Fox News: “Former Florida Gov. Jeb Bush is ‘moving forward’ on a potential 2016 White House run and it appears more likely he will enter the Republican field, according to his son, who's running for office in Texas. George P. Bush told ABC's ‘This Week’… ‘I think it's more than likely that he's giving this a serious thought …,’ said the younger Bush, who is running for Texas land commissioner. Asked if that meant it was ‘more than likely that he'll run,’ George P. Bush responded: ‘If you had asked me a few years back ... I would have said it was less likely.”’
HILLARY HEATS UP RHETORIC
WaPo: “Here in North Carolina and in other midterm battlegrounds, [2016 Democratic frontrunner Hillary Clinton] is talking to and about women for reasons that appear to have as much to do with the next election as this one. … She also has adopted a fiercely partisan message that champions working mothers and women at the fragile edge of the middle class — a theme that could carry over well into a presidential bid should she choose to run. ‘Reach out particularly to every single woman you know, because women’s rights are like the canary in the mine,’ Clinton said at a weekend rally for Sen. Kay Hagan (D-N.C.). ‘If you don’t protect women’s rights at home and around the world, everybody’s rights are at risk. And there is a concerted effort right now to turn back that clock, isn’t there?’”

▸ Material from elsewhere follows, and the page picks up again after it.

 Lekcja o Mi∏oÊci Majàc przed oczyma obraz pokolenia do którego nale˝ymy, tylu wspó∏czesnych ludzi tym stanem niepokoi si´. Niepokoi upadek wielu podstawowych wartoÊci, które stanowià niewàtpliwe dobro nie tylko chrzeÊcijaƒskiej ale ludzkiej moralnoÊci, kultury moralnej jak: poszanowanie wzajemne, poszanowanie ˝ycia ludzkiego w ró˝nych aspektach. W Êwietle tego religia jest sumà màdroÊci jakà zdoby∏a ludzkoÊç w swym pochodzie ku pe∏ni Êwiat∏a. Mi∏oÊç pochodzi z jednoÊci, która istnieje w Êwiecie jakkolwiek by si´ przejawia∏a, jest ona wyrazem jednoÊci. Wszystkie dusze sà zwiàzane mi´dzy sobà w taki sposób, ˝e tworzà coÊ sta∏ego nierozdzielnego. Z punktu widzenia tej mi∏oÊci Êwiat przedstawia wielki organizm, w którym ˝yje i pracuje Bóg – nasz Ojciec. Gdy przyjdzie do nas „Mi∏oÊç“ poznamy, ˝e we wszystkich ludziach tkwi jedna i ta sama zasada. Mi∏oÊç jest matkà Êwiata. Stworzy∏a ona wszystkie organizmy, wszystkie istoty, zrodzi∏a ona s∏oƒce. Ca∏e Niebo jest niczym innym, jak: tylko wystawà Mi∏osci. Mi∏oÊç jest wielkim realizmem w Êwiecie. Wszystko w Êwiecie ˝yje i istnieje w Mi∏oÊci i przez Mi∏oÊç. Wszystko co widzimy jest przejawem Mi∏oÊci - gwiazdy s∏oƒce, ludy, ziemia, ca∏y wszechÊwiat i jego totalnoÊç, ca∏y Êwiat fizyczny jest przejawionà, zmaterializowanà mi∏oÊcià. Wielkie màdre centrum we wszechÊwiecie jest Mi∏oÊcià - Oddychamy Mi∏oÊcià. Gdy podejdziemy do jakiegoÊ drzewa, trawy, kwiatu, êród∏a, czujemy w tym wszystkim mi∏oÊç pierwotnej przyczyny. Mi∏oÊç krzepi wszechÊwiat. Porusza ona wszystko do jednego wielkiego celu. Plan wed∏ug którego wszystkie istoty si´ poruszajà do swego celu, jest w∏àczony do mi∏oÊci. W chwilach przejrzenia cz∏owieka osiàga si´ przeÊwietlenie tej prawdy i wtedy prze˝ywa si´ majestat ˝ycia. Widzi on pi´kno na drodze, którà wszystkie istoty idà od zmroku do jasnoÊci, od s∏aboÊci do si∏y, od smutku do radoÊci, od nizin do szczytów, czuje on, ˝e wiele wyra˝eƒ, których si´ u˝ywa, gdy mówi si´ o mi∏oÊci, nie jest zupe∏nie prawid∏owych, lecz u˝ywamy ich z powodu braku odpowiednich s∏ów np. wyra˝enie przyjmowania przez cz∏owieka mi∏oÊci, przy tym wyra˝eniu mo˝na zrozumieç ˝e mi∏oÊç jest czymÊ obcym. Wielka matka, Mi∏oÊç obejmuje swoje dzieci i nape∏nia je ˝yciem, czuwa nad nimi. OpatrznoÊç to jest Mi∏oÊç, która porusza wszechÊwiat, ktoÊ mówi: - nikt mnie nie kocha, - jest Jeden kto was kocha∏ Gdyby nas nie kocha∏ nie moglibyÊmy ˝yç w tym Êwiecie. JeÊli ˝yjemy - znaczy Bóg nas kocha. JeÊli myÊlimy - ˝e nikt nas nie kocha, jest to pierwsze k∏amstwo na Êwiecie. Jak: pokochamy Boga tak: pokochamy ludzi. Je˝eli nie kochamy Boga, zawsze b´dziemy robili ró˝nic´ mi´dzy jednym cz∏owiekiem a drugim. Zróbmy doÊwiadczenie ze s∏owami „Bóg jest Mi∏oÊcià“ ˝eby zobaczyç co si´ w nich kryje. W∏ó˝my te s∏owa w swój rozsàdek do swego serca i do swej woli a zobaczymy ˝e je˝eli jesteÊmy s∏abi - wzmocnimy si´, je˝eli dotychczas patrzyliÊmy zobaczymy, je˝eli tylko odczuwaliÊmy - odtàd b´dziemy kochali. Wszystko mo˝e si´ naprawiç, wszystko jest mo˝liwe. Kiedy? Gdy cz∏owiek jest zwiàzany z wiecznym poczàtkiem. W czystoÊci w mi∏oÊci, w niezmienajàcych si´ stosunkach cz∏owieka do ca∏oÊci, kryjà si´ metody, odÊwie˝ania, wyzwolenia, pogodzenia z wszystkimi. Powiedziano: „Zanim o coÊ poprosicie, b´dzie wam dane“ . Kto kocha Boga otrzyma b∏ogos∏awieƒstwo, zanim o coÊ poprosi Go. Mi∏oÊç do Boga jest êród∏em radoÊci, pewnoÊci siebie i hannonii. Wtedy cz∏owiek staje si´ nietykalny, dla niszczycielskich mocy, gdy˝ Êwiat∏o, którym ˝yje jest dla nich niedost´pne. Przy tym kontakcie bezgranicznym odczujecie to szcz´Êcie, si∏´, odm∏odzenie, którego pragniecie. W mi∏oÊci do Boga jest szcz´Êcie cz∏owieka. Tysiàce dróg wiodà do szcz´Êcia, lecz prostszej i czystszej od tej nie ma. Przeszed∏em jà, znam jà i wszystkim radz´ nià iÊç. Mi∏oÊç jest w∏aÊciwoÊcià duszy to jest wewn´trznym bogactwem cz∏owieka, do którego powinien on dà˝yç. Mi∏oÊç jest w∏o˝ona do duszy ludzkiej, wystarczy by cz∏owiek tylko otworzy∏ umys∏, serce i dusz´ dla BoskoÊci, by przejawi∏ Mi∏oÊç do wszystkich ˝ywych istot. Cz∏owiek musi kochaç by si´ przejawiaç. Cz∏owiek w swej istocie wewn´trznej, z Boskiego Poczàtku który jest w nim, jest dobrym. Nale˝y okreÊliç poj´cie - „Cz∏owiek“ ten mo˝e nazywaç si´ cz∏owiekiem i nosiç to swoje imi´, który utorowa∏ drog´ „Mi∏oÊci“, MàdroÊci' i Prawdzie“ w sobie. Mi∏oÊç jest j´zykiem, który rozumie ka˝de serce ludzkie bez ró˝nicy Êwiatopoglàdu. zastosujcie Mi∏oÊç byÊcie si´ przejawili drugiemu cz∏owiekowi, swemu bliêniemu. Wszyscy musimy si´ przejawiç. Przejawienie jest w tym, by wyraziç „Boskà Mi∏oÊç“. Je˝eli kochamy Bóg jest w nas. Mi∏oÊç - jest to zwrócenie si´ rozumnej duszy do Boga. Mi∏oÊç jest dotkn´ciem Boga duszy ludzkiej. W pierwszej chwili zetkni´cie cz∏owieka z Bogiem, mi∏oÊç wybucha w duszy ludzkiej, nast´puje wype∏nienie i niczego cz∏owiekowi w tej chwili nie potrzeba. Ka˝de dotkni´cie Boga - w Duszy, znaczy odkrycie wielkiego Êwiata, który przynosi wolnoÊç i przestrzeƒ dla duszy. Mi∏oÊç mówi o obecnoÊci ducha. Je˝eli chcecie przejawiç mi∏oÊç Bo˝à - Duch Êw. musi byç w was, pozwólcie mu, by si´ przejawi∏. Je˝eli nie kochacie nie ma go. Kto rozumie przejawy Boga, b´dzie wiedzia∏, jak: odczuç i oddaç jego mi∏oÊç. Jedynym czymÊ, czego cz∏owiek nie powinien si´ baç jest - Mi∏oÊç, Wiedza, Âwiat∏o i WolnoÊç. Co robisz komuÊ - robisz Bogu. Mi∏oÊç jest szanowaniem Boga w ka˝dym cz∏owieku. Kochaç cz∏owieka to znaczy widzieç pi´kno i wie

WSJ: “U.S. Senate candidates like Kentucky’s Alison Lundergan Grimes are running this year as “Clinton Democrats.” It’s an effort to identify themselves as moderates within a party that has become increasingly anti-business. The party has moved so far to the left that the coalition of Clinton Democrats is struggling to maintain support even within the Clinton household.”
HOW TO WIN THE PRESIDENCY, THROWBACK EDITION
Sixteen years before he won the presidency and four years before he became governor of California, Ronald Reagan gave a televised address on behalf of Republican nominee Barry Goldwater on this date in 1964. Goldwater faced long odds in unseating Democrat Lyndon Johnson, elevated to the White House less than a year earlier by the assassination of President John Kennedy. Goldwater lost, but Reagan became the avatar of the modern conservative movement and eventually the first and only president to rise from its ranks.

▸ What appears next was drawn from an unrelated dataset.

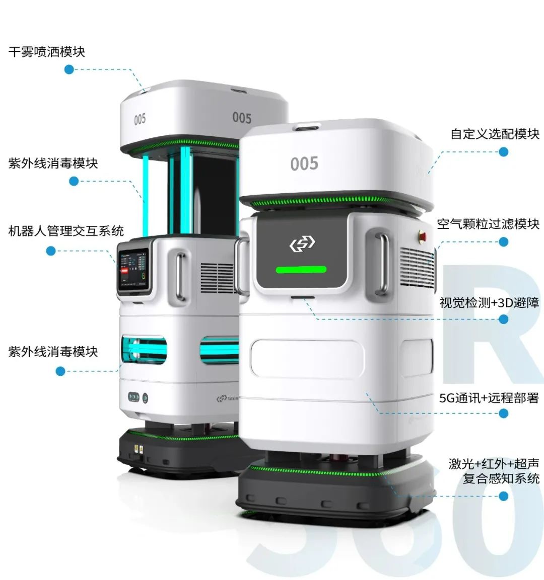 新常态全自动灵活消杀2020年,斯坦德被选中为深圳市发改委关于组织实施新冠肺炎诊疗防疫设备产业化专项的九家企业之一。作为此次专项研发重要成果,移动复合消毒机器人以激光SLAM导航移动机器人为平台,高度集成了紫外消杀、干雾发生及喷洒、过滤集尘杀菌等模块,能快速有效地对室内场景进行复合消毒杀菌作业。

BUT WHAT’S THE MINIMUM WAGE FOR PROVIDING MEDICAL MARIJUANA TO A BEAR?
Fox News: “While candidates and parties duke it out for victory on Election Day, a just-as-heated battle is being waged in a number of states over guns, abortion, booze, marijuana -- even bears. Ballot initiatives often are the sidebar story of any election, but for some voters the debate this year over "yes" or "no" on a range of ballot questions has been the marquee issue, drawing millions of dollars to each side and, in some cases, forcing candidates running in those states to take a position.”
LEAVE ‘EM LAUGHING
How do you want to be remembered? In political terms, the epitaph on your headstone is your final chance to be “on message.” Thomas Jefferson chose his carefully and it would be hard to surpass former New York Mayor Ed Koch for posthumous talking points. But what if you want to be funny? It’s pretty tough to get a laugh in a cemetery, so the NY Post has rounded up some of the best efforts to get a, er, rise out of mourners, including avid golfer Joel Cheskin who picked “At last, a hole in one” for his monument. “I was kind of surprised, but I liked it, so I decided that on mine, I’m going to get, ‘I’m with Him,’ with an arrow pointing to Joel,” [widow Carole Cheskin] told the Post. “He would appreciate that.”